- WHAT THE TASK REQUIRES -
Every line from the top of the records below through the one containing "Sanipa 3way Waschtischunterbau" must be copied exactly, and the pictures must not be.

- STUDY MATERIAL -
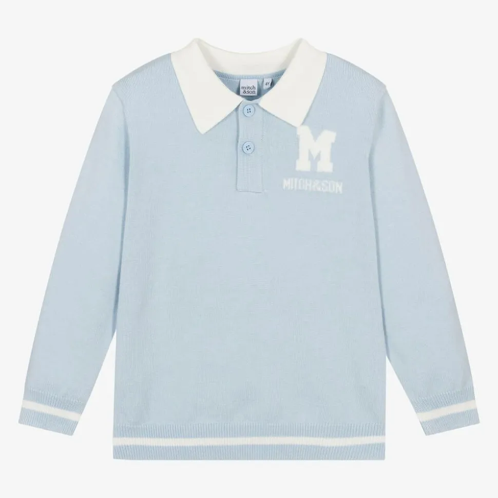Pale blue sweater for boys by Mitch & Son, made in a soft knit. Styled like a polo shirt, it has a white collar and button fastening on the front for a fun stylish twist on a classic item.
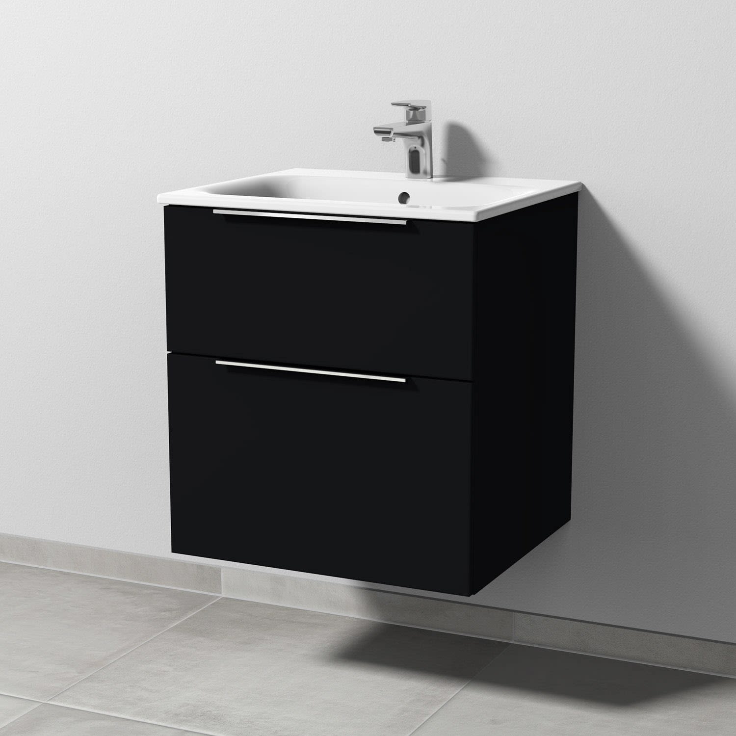 Sanipa 3way Waschtischunterbau für Keramik-Waschtisch Renova Plan Slim 55 cm, 2 Auszüge mit Aufsatzgriff
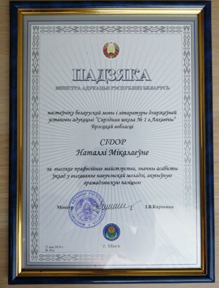 Сярод сямі педагогаў краіны, якія былі адзначаны Падзякай міністра адукацыі, – і настаўніца СШ № 1 Наталля Сідор. Такога гонару яна ўдастоена за высокае прафесійнае майстэрства, значны асабісты ўклад у выхаванне вучнёўскай моладзі, актыўную грама-дзянскую пазіцыю.
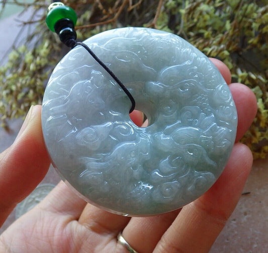 Certified Green 100% Burma Natural A Jade jadeite pendant Dragon Bead Necklace 生意兴隆 518877 TN
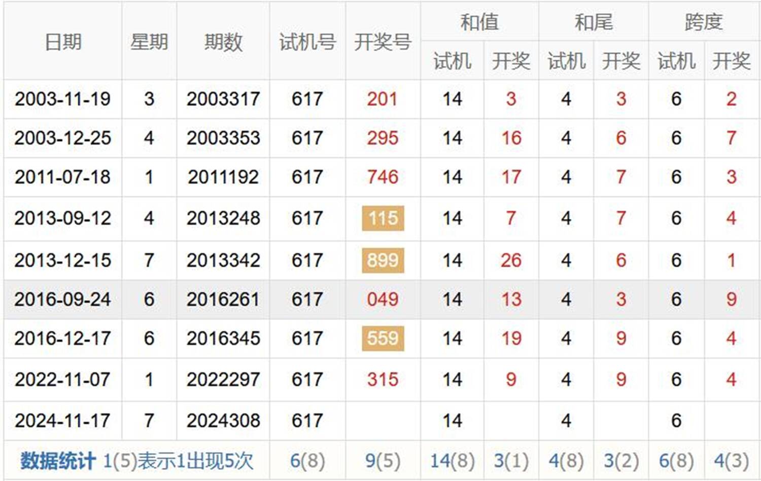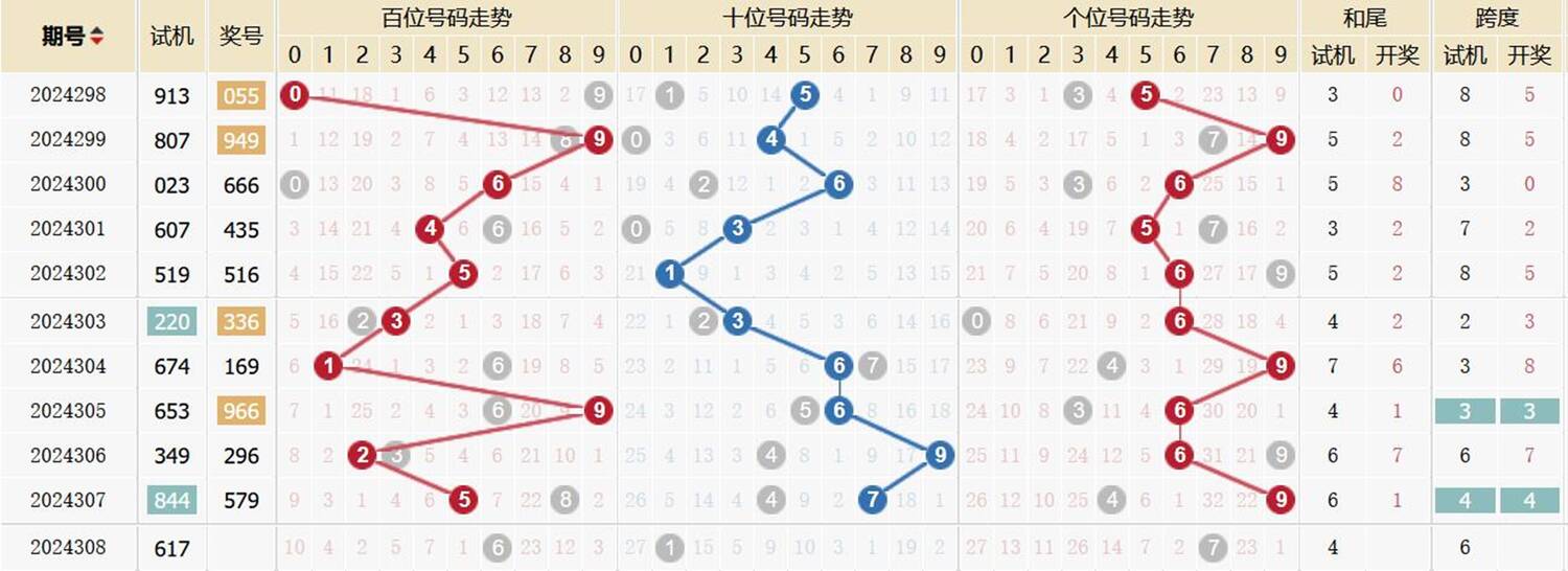 期数 | 试机号 | 关注码 | 金码 | 对应码 | 开奖号 | 出号 |
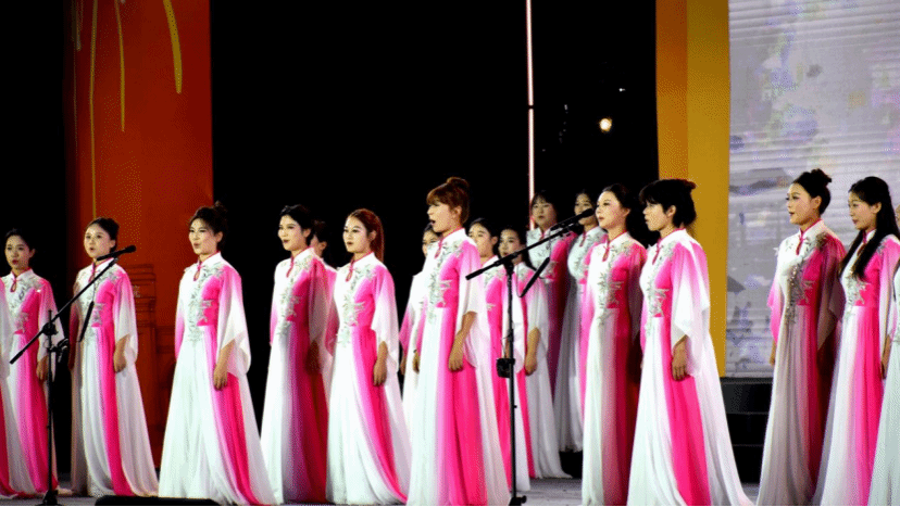 第二篇章“赤心铸魂·薪火永传”主打文化传承与精神赓续。合唱《舟中晓望》展现了对传统文化的历久弥新;藏族舞《党心》用豪迈舞姿与洁白哈达,诉说藏族人民为代表的各少数民族对党的感恩之情;吟诵《鹿鸣》重现“呦呦鹿鸣,食野之苹”的礼乐温情,彰显中华传统文化底蕴;新民乐合奏《云境曲影》融合传统民乐与西洋乐器,绽放东西方艺术碰撞的独特魅力;歌伴舞《幸福中国一起走》以饱满热忱歌颂新时代,展现老一辈教育工作者的昂扬风貌,全方位传递文化自信与时代精神。
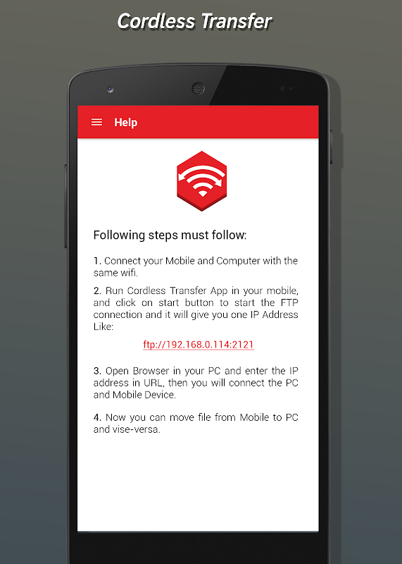 ไร้สายทำให้การถ่ายโอนโทรศัพท์ Android ของคุณ / Pad เป็นเซิร์ฟเวอร์ FTP ไร้สาย เพื่อให้คุณสามารถคัดลอกไฟล์หลายโฟลเดอร์หรือฮาร์ดไดรฟ์ทั้งหมดไปยังโทรศัพท์หรือรอง-a-ในทางกลับกันของคุณ ลืมสาย USB ของคุณเพียงจำไร้สายถ่ายโอนเพราะมันสามารถทำงานเดียวกัน
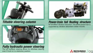 • Toàn bộ các chi tiết trên xe nâng của Mitsubishi đều được sản xuất đồng bộ và hoàn toàn của Mitsubishi
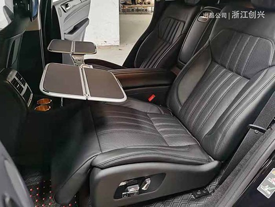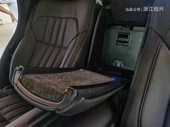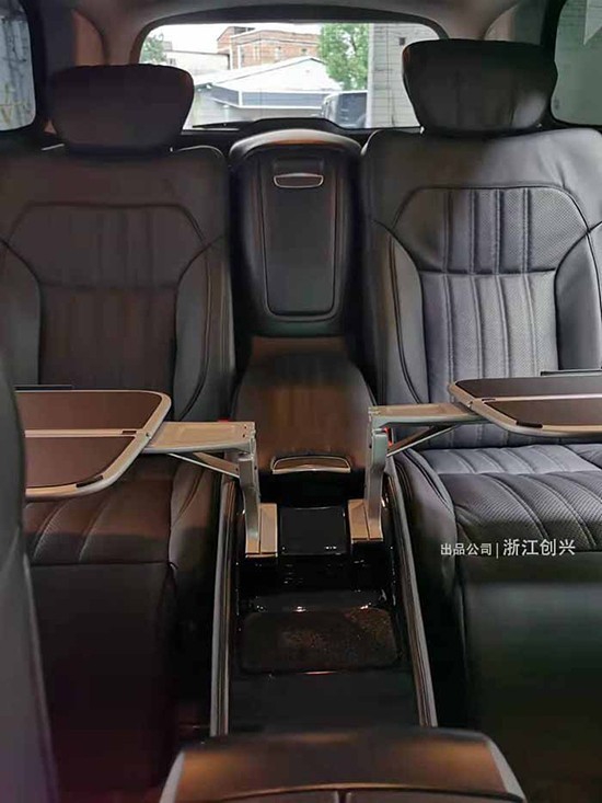 升级后排以后变更成四座车,后排带有隐藏式的飞机桌板,平时在车上也可以拿出来办公,不用的时候可以收回去完全不碍空间,这也是奔驰的精髓吧,长途出差,外出办公不浪费你宝贵时间,提供移动办公之旅,或者也可以当小桌板吃吃饭,给小孩写写作业什么的。另外航空座椅带有电动腿托功能,其实乘坐体验上带腿托和没腿托相差感真的很大,有腿托舒适度高很多的。
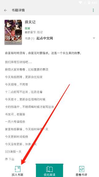 7、来到了书籍详情页后,在左下角就能够看见“加入书架”的功能并点击。
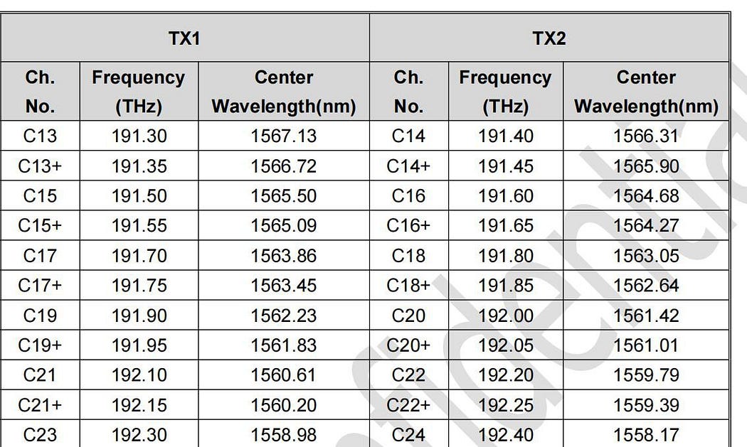The two channels of the transceiver meet above wavelength table. And other channel wavelength
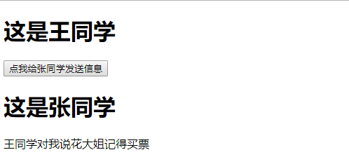 1 <div id="app"> 2 <wdb class="wdb"></wdb> 3 <zhwl class="zh"></zhwl> 4 </div> 5 <script> 6 let middle_tool=new Vue(); 7 let wdb={ 8 template:`<div> 9 <h1>这是王同学</h1> 10 <button @click="w_click">点我给张同学发送信息</button> 11 </div>`, 12 methods:{ 13 w_click:function () { 14 middle_tool.$emit('houhou','花大姐记得买票') 15 } 16 } 17 }; 18 let zhwl={ 19 template: `<div> 20 <h1>这是张同学</h1> 21 <P>王同学对我说{{say}}</P> 22 </div>`, 23 data(){ 24 return{ 25 say:'', 26 } 27 }, 28 mounted(){ 29 let that=this; 30 middle_tool.$on('houhou',function (data) { 31 that.say=data; 32 }) 33 } 34 }; 35 const app=new Vue({ 36 el:'#app', 37 components:{ 38 zhwl:zhwl, 39 wdb:wdb, 40 } 41 }) 42 </script>
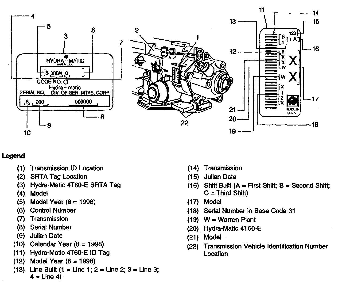 4T60-E Transaxle ID And Unit Number Location:
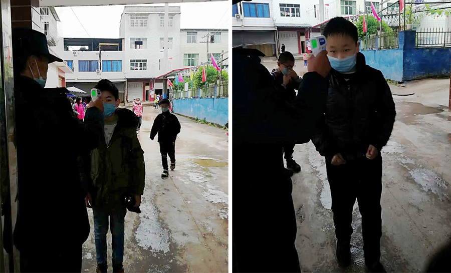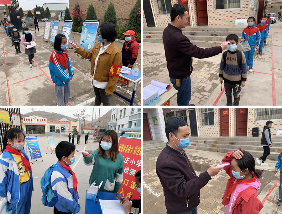 四川省樂至縣也在4月開始了復(fù)課,校門口測量體溫后才能進(jìn)入校園。中心小學(xué)的老師說,用非接觸式紅外體溫計測量體溫,不需要近距離接觸就能測量,非常安全,學(xué)生們也愿意配合。
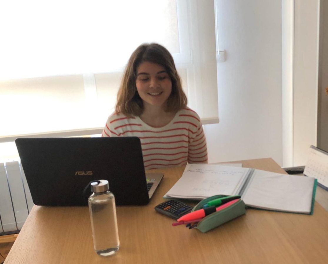 Por la mañana sigo las clases online por vídeo llamada y por la tarde sigo estudiando. Es un poco agobiante porque no es lo mismo que ir a clase presencial, tiene más dificultades. Pero hay que hacer el esfuerzo para terminar el curso bien. También intento hacer deporte todos los días con Youtube. Además hago vídeo llamadas a mis amigas e incluso una de ellas, que es psicóloga, nos esta dando clases de relajación que son geniales. La verdad es que no tengo tiempo para aburrirme.
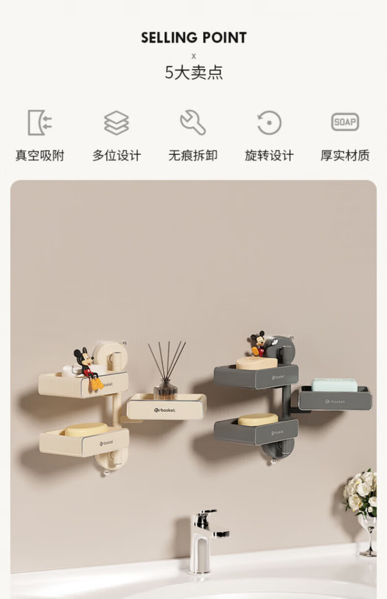 户璃德国2025新款吸盘可旋转肥皂盒壁挂式免打孔卫生间香皂置物架沥水 全铜加厚阀芯 【2只装】PICC承保 全铜主体陶瓷阀芯(用坏包赔)

- RESPONSE BOX -
Pale blue sweater for boys by Mitch & Son, made in a soft knit. Styled like a polo shirt, it has a white collar and button fastening on the front for a fun stylish twist on a classic item.
 Sanipa 3way Waschtischunterbau für Keramik-Waschtisch Renova Plan Slim 55 cm, 2 Auszüge mit Aufsatzgriff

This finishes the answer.